[EXERCISE OBJECTIVE]
Repeat the records below exactly, from the first line through the line containing "Eventos14 de agosto", and leave out any pictures.

[ENTRIES SUPPLIED]

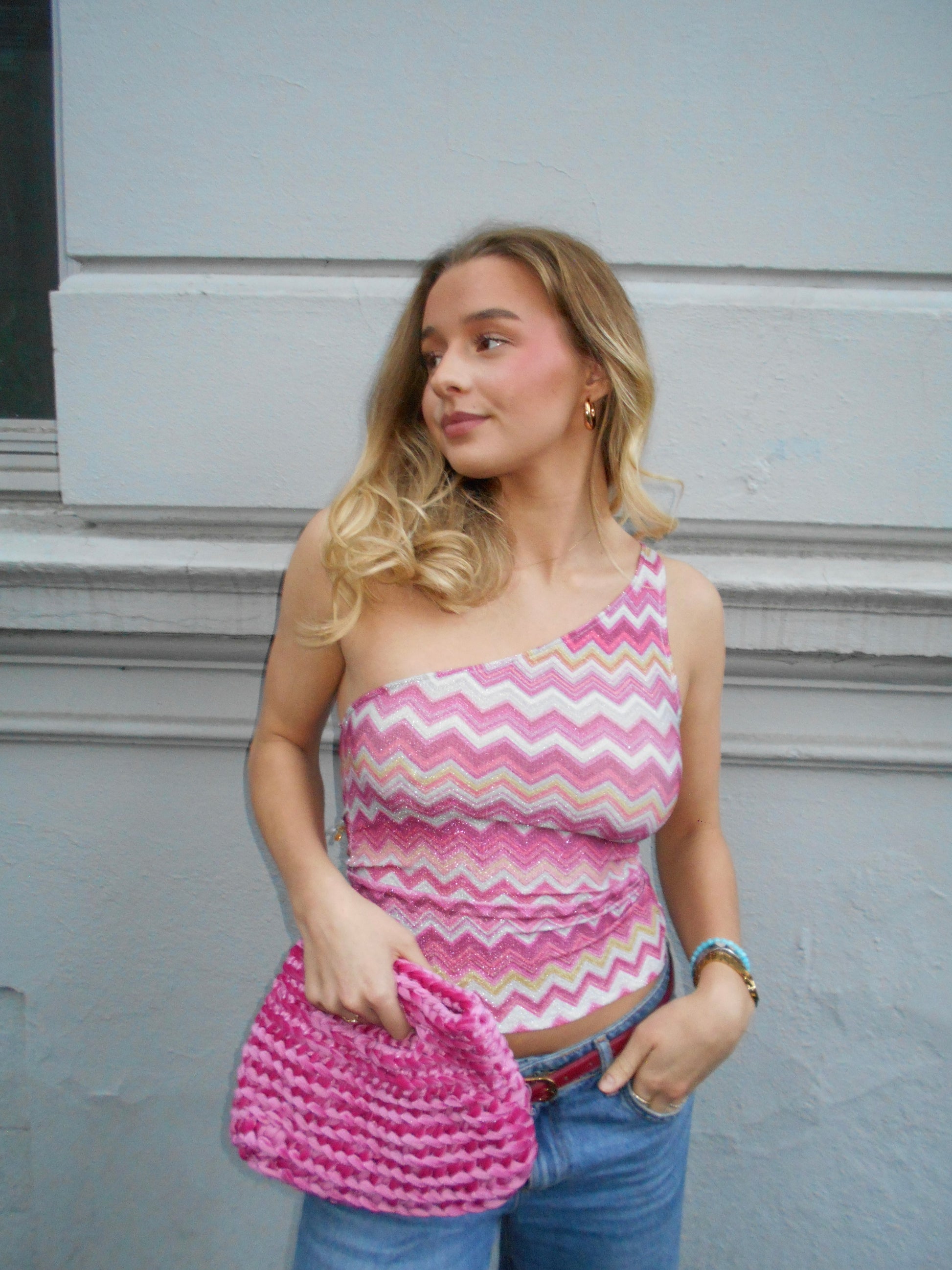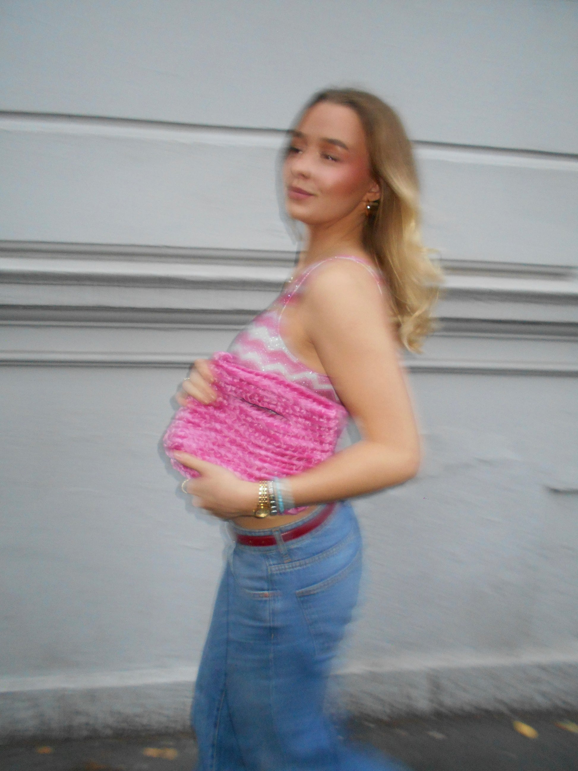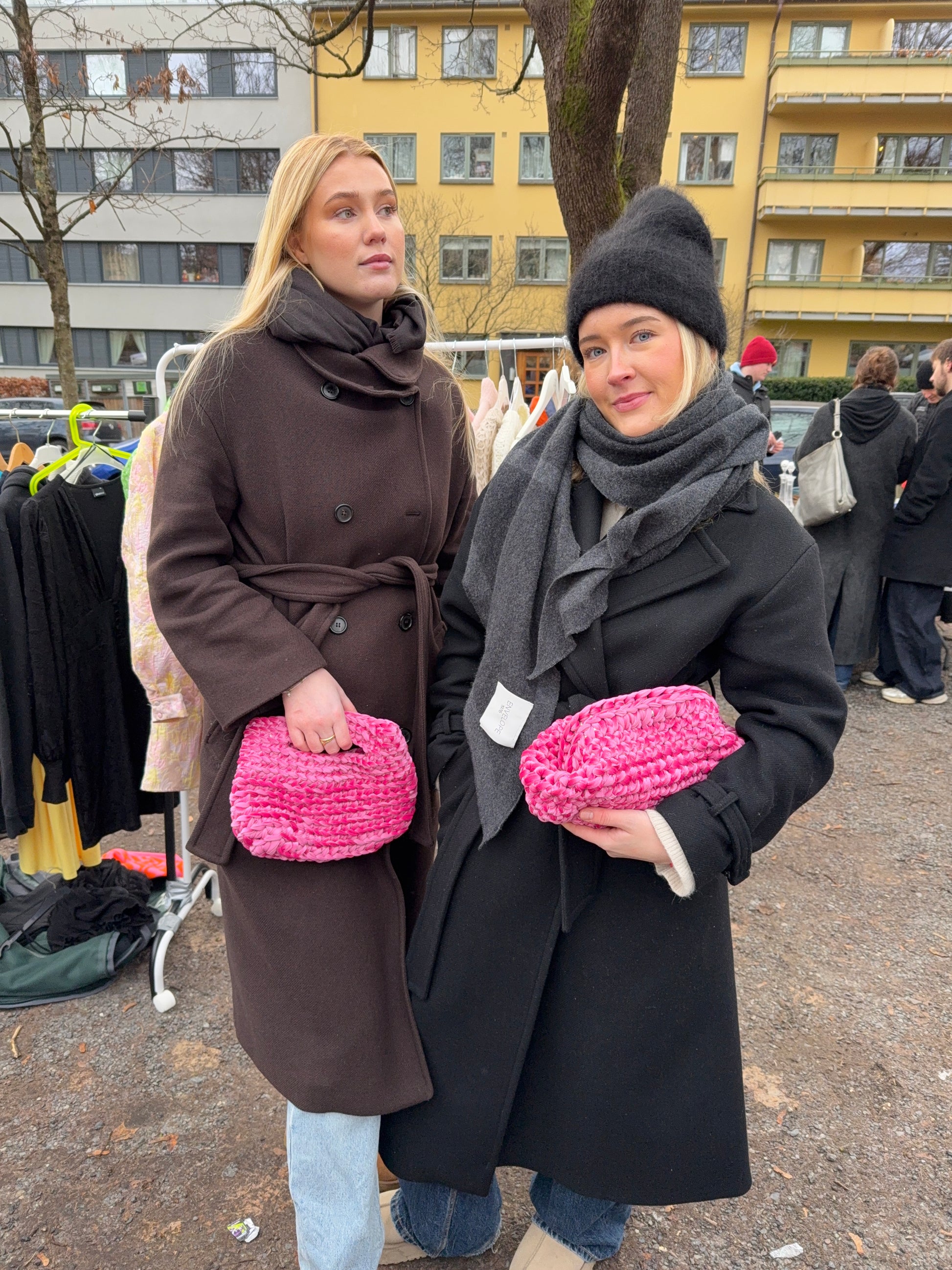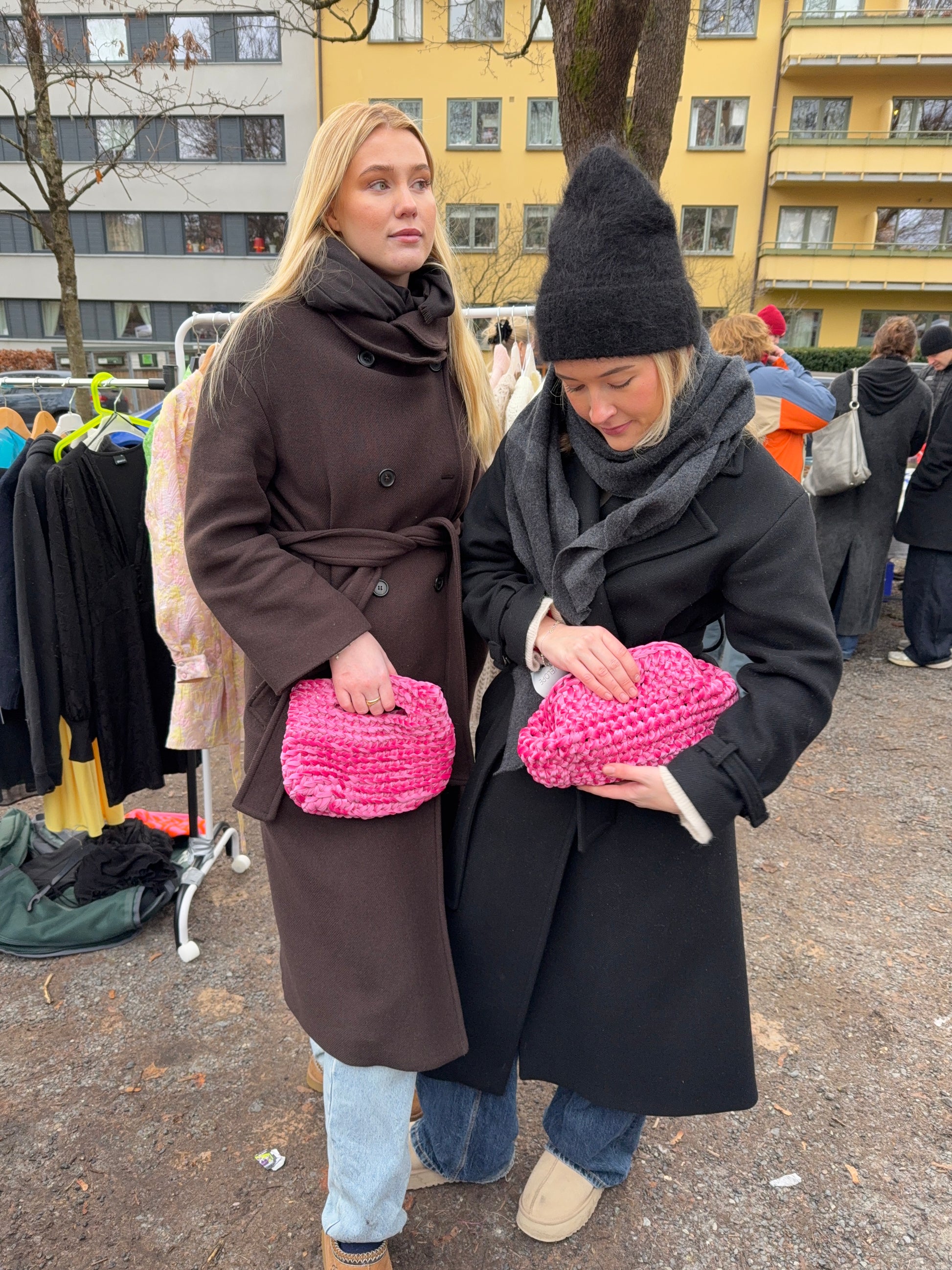 Heklet for hånd i glitrende og det populære fettuccia garnet fra Italia. Garnet er bredt og båndaktig med glitter som fanger lyset på en nydelig måte. Begge veskene har innebygd håndtak og god plass til det du trenger. Perfekt til julebord, nyttår og når du vil pynte deg litt ekstra. Vesken og fleksibel, men holder likevel formen fint. Vesken er egendesignet av Byfrandsen.
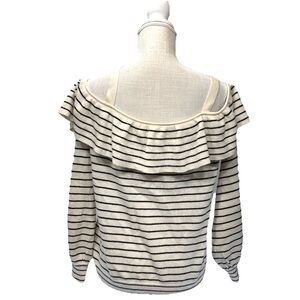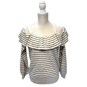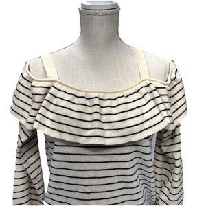 Joie Delbin Cold Shoulder Wool Cashmere Sweater Women’s M Striped Ivory Pullover
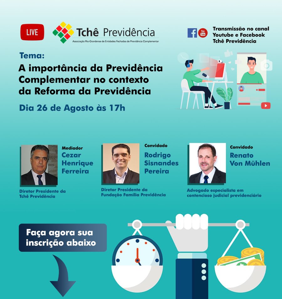 Eventos14 de agosto de 2020 26 de Agosto – 2ª Live Tchê Previdência 26/08/2020 às 17hsAo vivo pelos canais da Tchê Previdência no YouTube e no Facebook Inscreva-se para receber o link de acesso a transmissão Seu nome (obrigatório) Seu e-mail (obrigatório) Celular Empresa Cargo 55193Δ
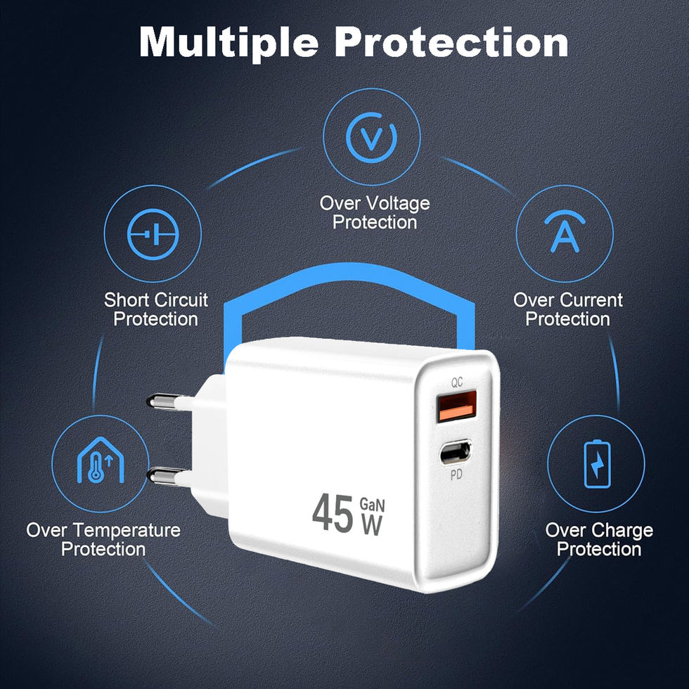 This charger is compatible with a wide range of popular devices that support PD (Power Delivery) and QC (Quick Charge) fast charging technologies, including iPhone (iPhone 17, iPhone 16, iPhone 15, iPhone 14 Series, etc), Samsung (Samsung Galaxy S26, S25, S24, S23, S22 Series; Note 20, Note 10, etc), Xiaomi, OPPO, Vivo, Realme, Google Pixel, iPad (iPad Pro, iPad Air, iPad Mini, etc), Samsung Galaxy Tab, Xiaomi Pad, Huawei Tablet, MacBook, Nintendo Switch, AirPods, power banks, and other devices that require up to 45W charging.
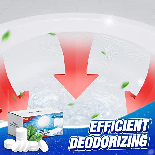 LASTINGLY CLEAN: With an upgraded capacity of 50g each, a Vacplus toilet cleaner with bleach continuously cleans the toilet for up to 30 days. With 12 packs for replacement use, Vacplus toilet tablets can keep the toilet bowl fresh for more than 12 months.
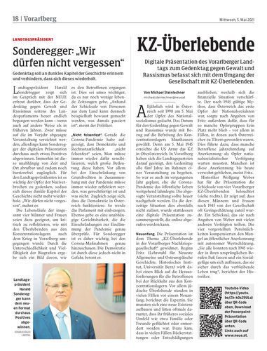 Digitale Präsentation des Vorarlberger Landtags zum Gedenktag gegen Gewalt und Rassismus befasst sich mit dem Umgang der Gesellschaft mit KZ-Überlebenden.
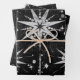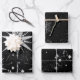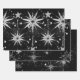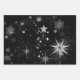 Black & Silver Pewter Starbursts & Stardust Wrapping Paper Sheet
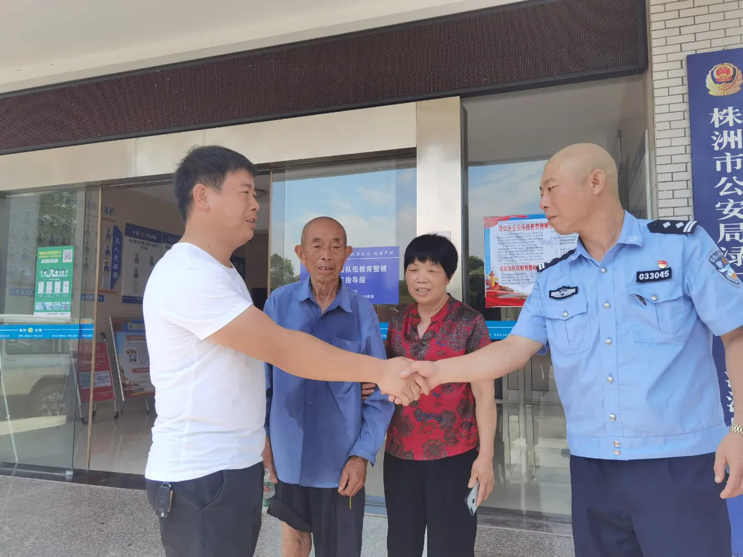 待老人缓过神来,民警与老人沟通,老人自述其名叫殷某文,系醴陵市均楚镇人,其他情况自述不清。民警通过老人户籍地派出所联系到当地村干部,并获取了老人家属的电话,遂与家属取得联系并告知其到派出所接老人回家。
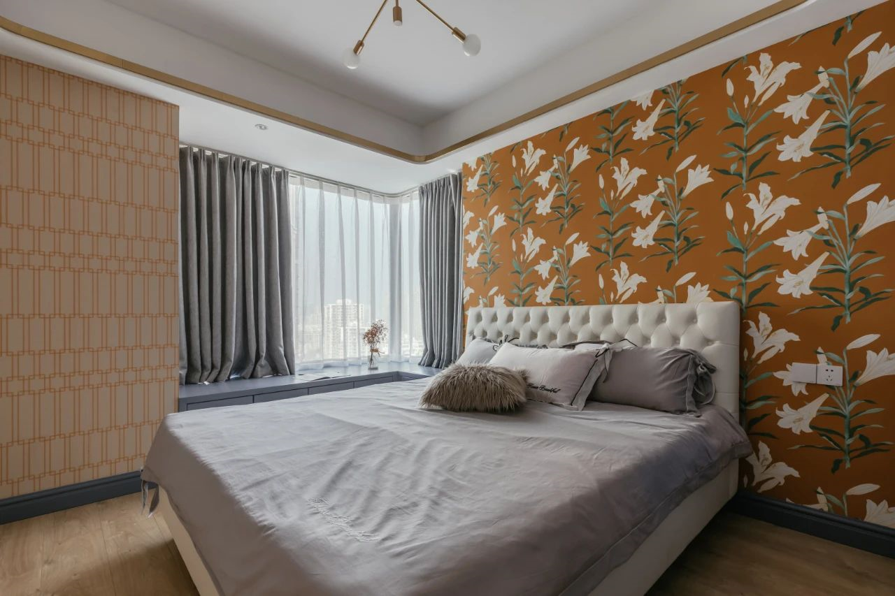 ▲父母房以自然的泥土色+植物圖案的床頭墻墻布,布置米白色布藝床,整體空間暖色調(diào)的氛圍,顯得素雅而又舒心愜意。
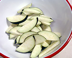 なすはへたを切り落とし、縦半分に切ります。 そのあと、厚さ3mmくらいの薄いスライス切りにします。 |
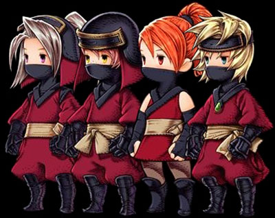1、复刻版的忍者有点像盗贼和魔剑士的混合版,使用的武器基本上就是小刀类,投掷类,暗黑剑类,防具也是源氏系列;FC版除了洋葱装备都能使用
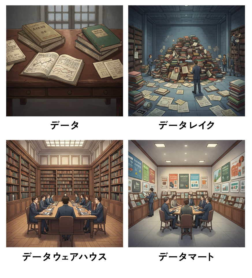 この記事でご紹介する「データレイク」は、その図書館の中でも、未来の価値を生み出す「地下の巨大な収蔵庫」にあたる場所です。
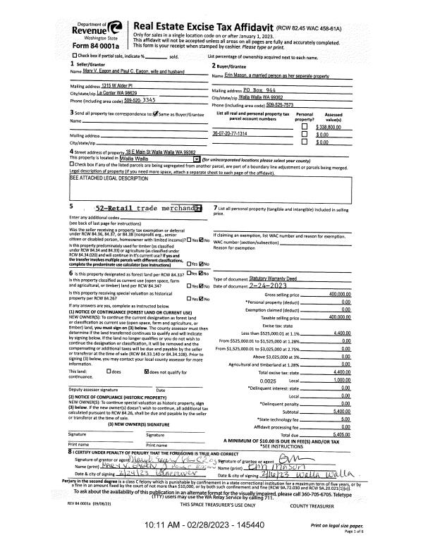 | 1 | 02/28/2023 | SWD | STATUTORY WARRANTY DEED | EAGON PAUL C & MARY V | MASON ERIN | | | $400,000.00 | 145440 | 2023-00989 |
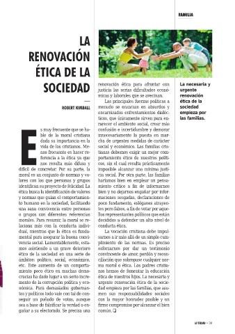 mento de la corrupción política y eco- urgente renovación ética de la socie-
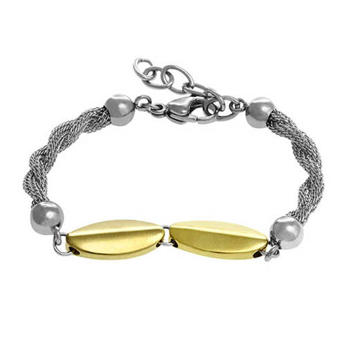 STAINLESS STEEL BRACELET IN IPG 2 TONE WITH 2 OVAL IN IPG WITH 4 BEADS AND S/S WIRE
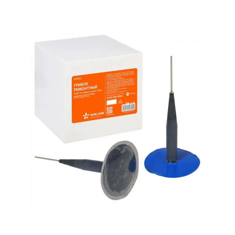 Грибок ремонтный 603С-14 (диаметр ножки 10 мм, диаметр шляпки 50 мм) Описание: Для ремонта проколов и порезов радиальных и диагональных шин (до 25°) Характеристики: Артикул: ATRK92 Диаметр шляпки, мм: 50 Диаметр ножки, мм: 10 Тип вулканизации: Холодная Комплектация: Грибок для б/к шин ремонтный - 1 шт Гарантия: от 1 года.

[RESULT OF THIS EXERCISE]
 Heklet for hånd i glitrende og det populære fettuccia garnet fra Italia. Garnet er bredt og båndaktig med glitter som fanger lyset på en nydelig måte. Begge veskene har innebygd håndtak og god plass til det du trenger. Perfekt til julebord, nyttår og når du vil pynte deg litt ekstra. Vesken og fleksibel, men holder likevel formen fint. Vesken er egendesignet av Byfrandsen.
 Joie Delbin Cold Shoulder Wool Cashmere Sweater Women’s M Striped Ivory Pullover
 Eventos14 de agosto de 2020 26 de Agosto – 2ª Live Tchê Previdência 26/08/2020 às 17hsAo vivo pelos canais da Tchê Previdência no YouTube e no Facebook Inscreva-se para receber o link de acesso a transmissão Seu nome (obrigatório) Seu e-mail (obrigatório) Celular Empresa Cargo 55193Δ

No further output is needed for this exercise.